Data for this task:
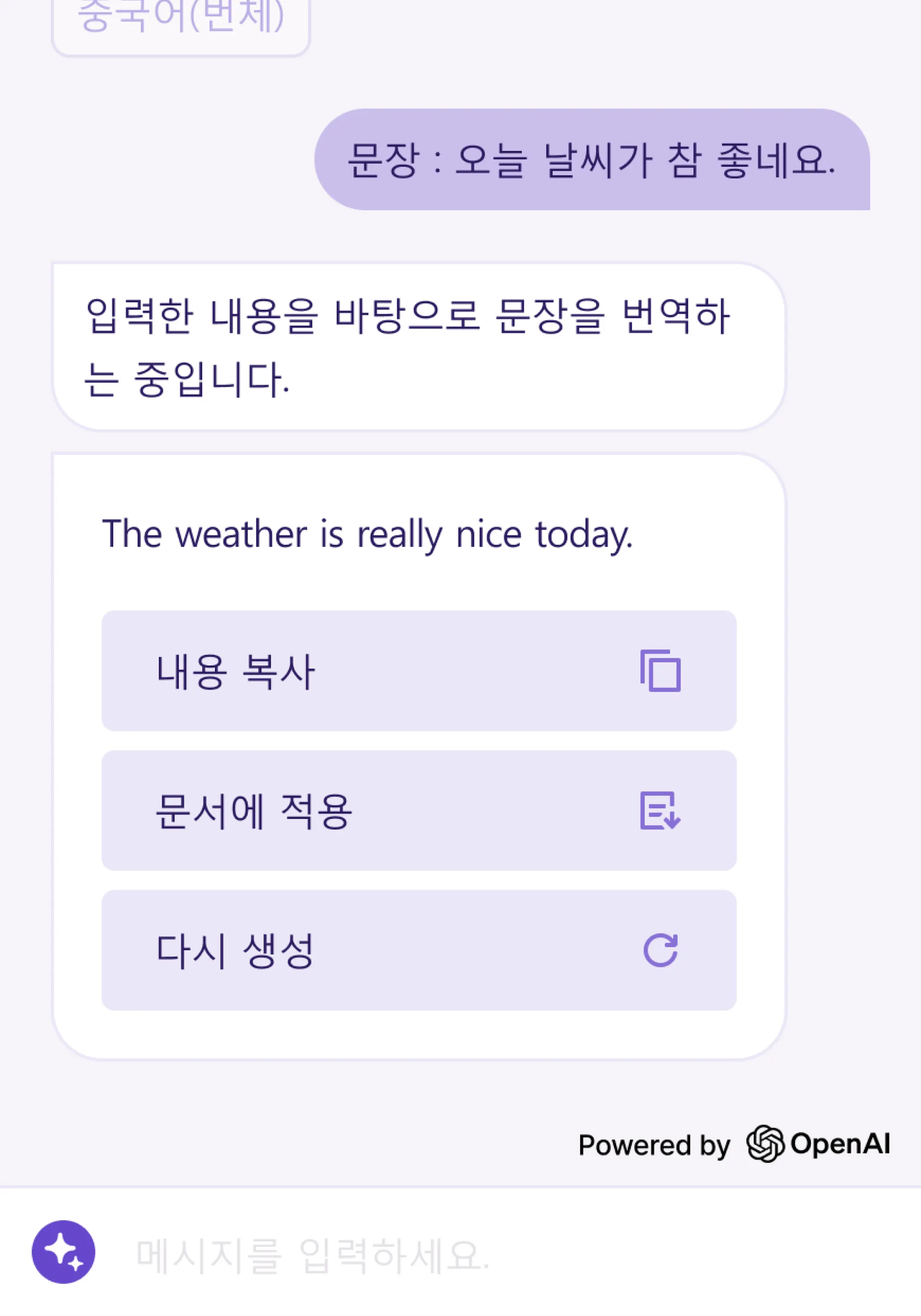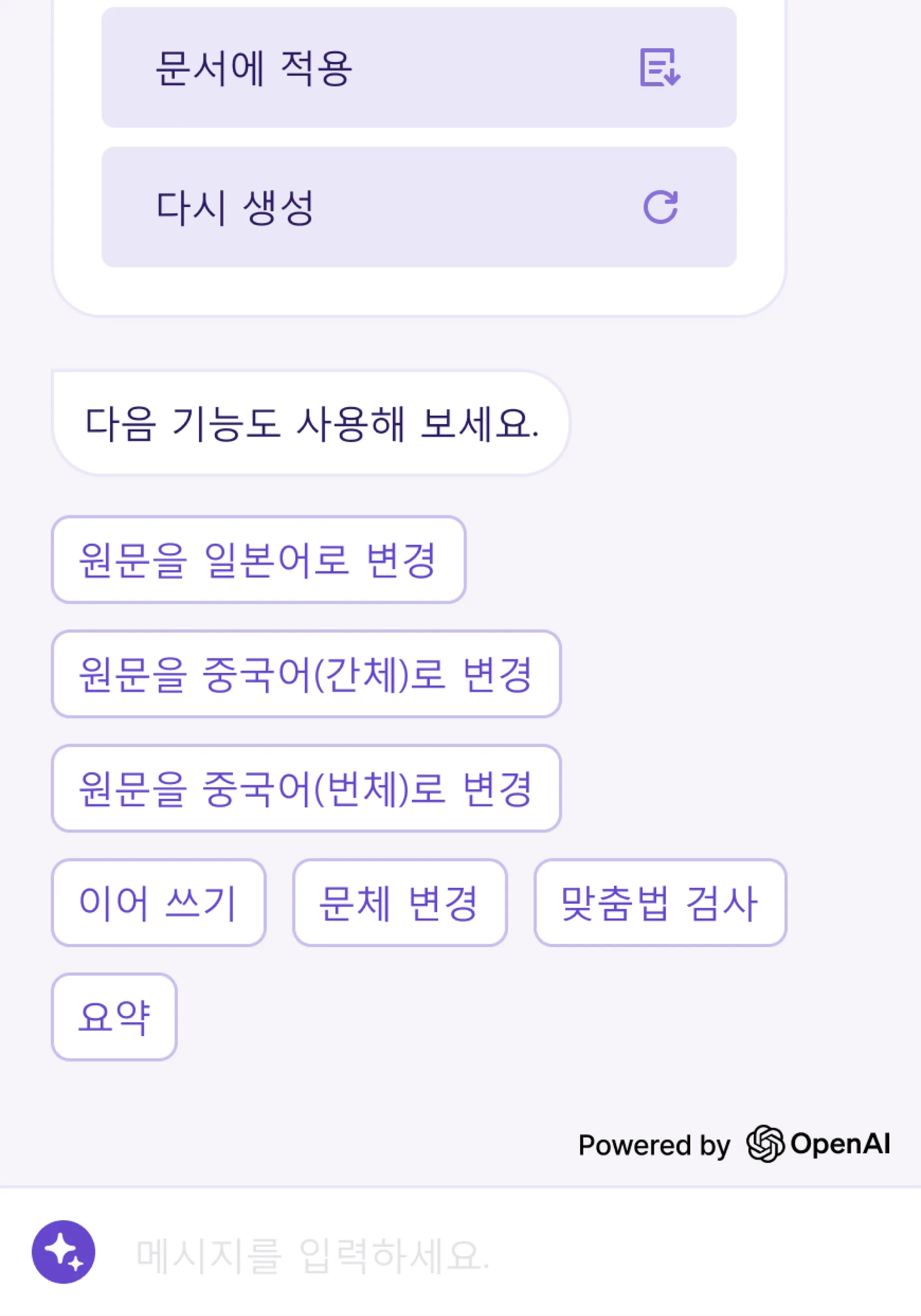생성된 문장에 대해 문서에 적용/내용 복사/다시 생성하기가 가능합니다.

* * *

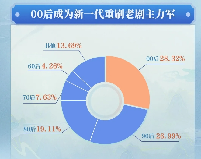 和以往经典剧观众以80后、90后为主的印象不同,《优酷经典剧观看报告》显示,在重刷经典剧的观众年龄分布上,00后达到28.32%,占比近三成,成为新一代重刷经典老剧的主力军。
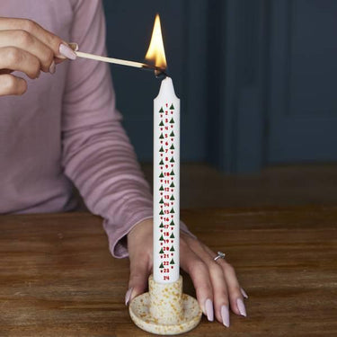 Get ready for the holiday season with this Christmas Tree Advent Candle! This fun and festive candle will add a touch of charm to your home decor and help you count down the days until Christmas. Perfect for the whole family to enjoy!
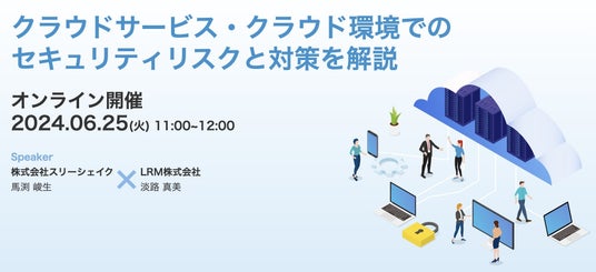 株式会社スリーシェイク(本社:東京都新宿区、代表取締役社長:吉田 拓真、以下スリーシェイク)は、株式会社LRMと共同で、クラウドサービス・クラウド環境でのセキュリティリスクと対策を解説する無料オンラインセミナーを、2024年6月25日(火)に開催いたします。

Work request: Given the entries above, transcribe exactly the lines from the one holding "Get ready for" through the one holding "株式会社スリーシェイク(本社"; pictures do not belong in the transcription.

Task result:
 Get ready for the holiday season with this Christmas Tree Advent Candle! This fun and festive candle will add a touch of charm to your home decor and help you count down the days until Christmas. Perfect for the whole family to enjoy!
 株式会社スリーシェイク(本社:東京都新宿区、代表取締役社長:吉田 拓真、以下スリーシェイク)は、株式会社LRMと共同で、クラウドサービス・クラウド環境でのセキュリティリスクと対策を解説する無料オンラインセミナーを、2024年6月25日(火)に開催いたします。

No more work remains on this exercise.